For Peters, this witness of constant renewal and progression provides him with the motivation to act responsibly in this world. Through our care and respect for this planet, we can fully engage ourselves in the dance with the Sacred. This is the more ecologically responsible tone of the book, one that I greatly appreciate. Peters proposes ways to act in this world. With the development of new technologies, our intentions have always been for the betterment of humanity (16). However, with things like extreme population growth and climate change, we realize that these new technologies are also to the detriment of humanity. Witnessing these things, the “breadth and depth of experiences” move us to act, living in the present and understanding how the world works. Our “capabilities such as empathy, compassion, and empowering the development of others” (86) emerge out of our experience of the moment.

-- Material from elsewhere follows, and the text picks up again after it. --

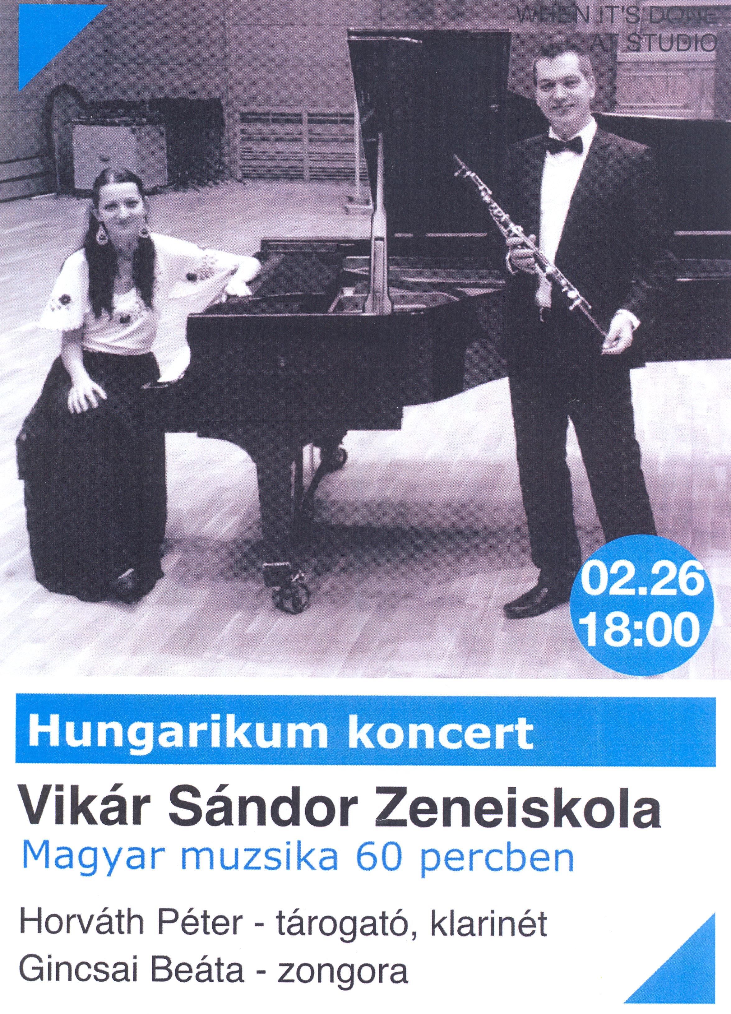 Gincsai Beáta (zongora) a Vikár Sándor Zenei Alapfokú Művészeti Iskola volt növendéke és férje, Horváth Péter (klarinét) Fischer Annie-ösztöndíjas koncertjére várják a zenebarátokat.

At this point, I feel action and integrity towards our planet seem obvious, yet ignored in our world today. This is where advocating for alternate fuel sources, saying no to “big-business,” and addressing the millions forgotten in poverty are vital to securing a better life for both humanity and the ecosystems we inhabit.

Peters shows a passionate concern for humanity throughout his book. He wants people to feel spiritually comfortable in an increasingly scientific world. He seems to be writing for the “spiritually nervous,” those that are unwilling to let go of a personal God for fear that the alternative leaves them feeling lost and homeless. However, Peters shows that by letting go of this personalistic framework and shedding our individualistic perspective, we are embracing our natural family. We are engaging in the lives of our ancestors and future generations, fully giving ourselves to the Dance and putting ourselves in relationship with the Sacred.